Part of me envies these fans, the part which remembers the ritual of saving my shekels, prioritising Republic of Ireland away trips over conventional holidays and debating with friends whether Paul McGrath was actually the best central defender in the world.
Yet one of the downsides about growing old is the supposed need to grow up. These days my hair has thinned but my belly has not. The priority of a good restaurant over a good pub is a sign of approaching middle age. Yet, come 10 June, when Ireland play Croatia in Poznan, the child in me will return and only the darkest of hearts could not feel some kind of emotional attachment to the team representing their country, their sport.
That so many of these Irish players have come up the hard way, serving apprenticeships in their homeland (Kevin Doyle, Shane Long, Stephen Ward, James McClean and David Forde) or the English lower leagues (Paul Green, Keiren Westwood, Keith Andrews, Sean St Ledger, Stephen Kelly and Jon Walters) has only served to deepen the communion between player and fan.
Long before earning the wages they do now, these guys played football for fun. When they were kids, they got changed at the side of roads and bettered themselves on public parks. For over half of them, there were times in their careers when they earned little more than the man on the street. All have suffered hardship or rejection at some point in their lives. Many of the obstacles we have been faced with, they too have had to surmount.

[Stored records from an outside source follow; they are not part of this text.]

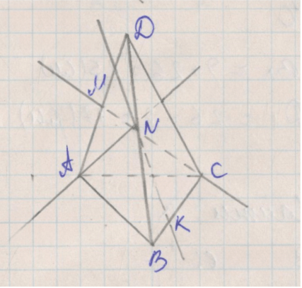 1. Рассмотрим тетраэдр \( DABC \). На рёбрах \( AD \), \( BD \), \( BC \) отмечены точки \( M \), \( N \), \( K \) соответственно, то есть \( M \in AD \), \( N \in BD \), \( K \in BC \).
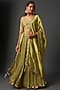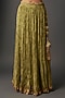 Featuring a green lehenga in crushed silk base with embroidery. It is paired with a blouse having zardosi, tikki and pearl embroidery, including an embroidered dupatta. Accentuate it with statement earrings and heels for mehendi ceremonies.
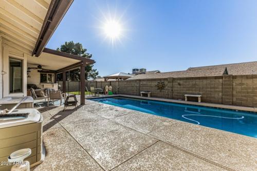 Exterior highlights include a 2-car garage, RV gate, mature landscaping, and a low-maintenance backyard with a covered patio, fenced grassy area, and sparkling pool—perfect for entertaining and Arizona living.
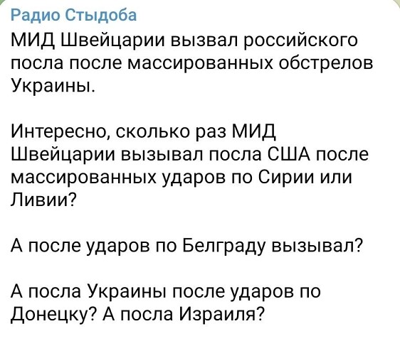 Цитата: Vera77ber от 12 Октября 2022, 11:39:37Цитата: Жанетта от 12 Октября 2022, 10:52:27 Если сюда бы зашли хохлы,эти бы первыми с караваем бежали их встречать и на нас стучать.и много таких?Хватает,а тут докапались конкретно до Херсонской и Запорожской. Были люди, кто приезжал из Горловки и рассказывал, что русские танки по всему городу, местных расстреливают. В то время там не было ни каких войск.
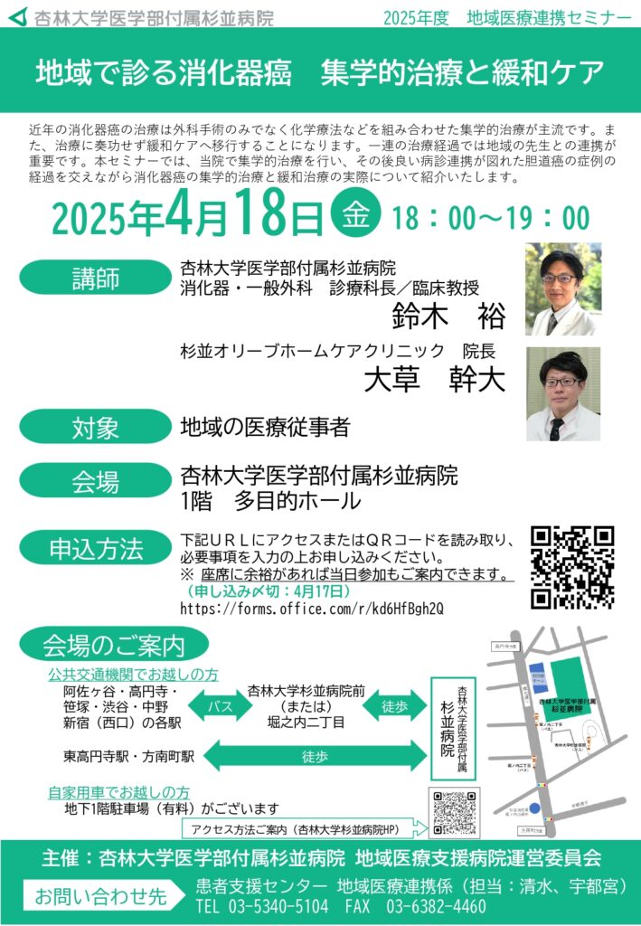 4月18日(金)地域医療連携セミナー「地域で診る消化器癌 集学的治療と緩和ケア」ご案内 作成日時:2025年04月11日 医療関係者 下記の日程で地域医療連携セミナーを開催します。皆さまのご参加をお待ちしております。申込み:【こちら】から 一覧 病院からのお知らせ一覧 講演会・行事等一覧 医療関係者向けのお知らせ一覧
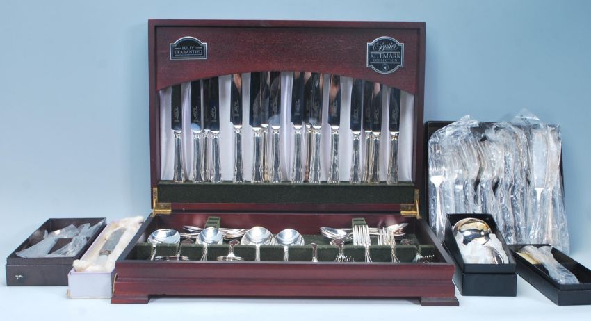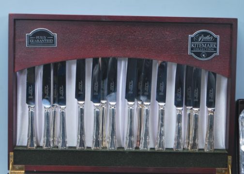 A 20th Century mahogany cased silver plated Butler of Sheffield Kitemark Collection eight persons service canteen of cutlery together with boxed silver plated table service accessories.
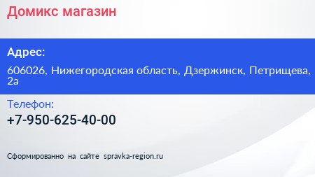 Домикс, магазин по адресу 606026, Нижегородская область, Дзержинск, Петрищева, 2а в дальнейшем Организация, размещена в следующих категориях:

Yet here they are, once bit-part actors on football's world stage now in the spotlight. Only fantasists can expect them to go on a run that will take them through to July and a European final. And yet expectations are high, not so much that Croatia, Spain and Italy will be beaten, but simply that these men, in whom so many fans have invested so much faith and money to come and watch, will play with passion and panache. It's not too much to ask.